As mentioned at the outset, our Finance Ministers have continued the practice of increasing the rate of sin taxes every year. As for how long this practice will and can continue is another matter. The intention of the imposition of sin taxes is, essentially, to internalise an external cost.

However, a case can be made that, generally, the imposed rate of sin tax is in excess of the external cost, resulting in an over-recovery of tax revenue. Then, this tax revenue should be ringfenced and be specifically employed to remedy a given external cost.
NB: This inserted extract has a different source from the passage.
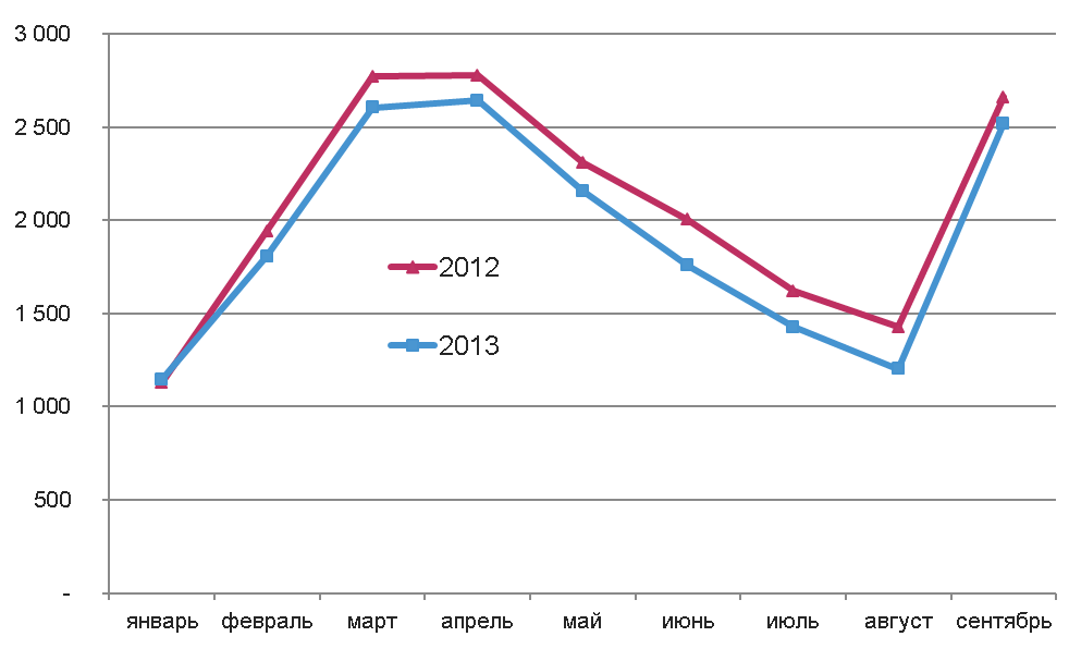 Доходы от рекламы изданий центральной прессы в январе-сентябре 2012-2013 гг., млн. руб. без НДС

The question to ask about South Africa’s sin taxes is: What is the intent? They are a fiscal measure? In other words, their intention is to generate revenue or change or at least attempt to change behaviour? In South Africa, the revenue is not ringfenced. Although sin taxes generated R32-billion in 2014/15 (R12.2-billion from cigarettes and R10.2-billion from beer), it is understood that these proceeds are deposited in the Southern African Customs Union (Sacu) National Revenue Fund (NRF) for redistribution among its member countries. At the very least, this could be remedied by simply amending the terminology from ‘specific excise duty’ to ‘specific excise levy’, since a levy does not form part of the Sacu NRF.

Portland Cement – Provisional Payment
On May 15, Sars informed of the imposition of provisional antidumping duties on Portland cement imported from or originating in Pakistan. The provisional payments were imposed up to and including November 13.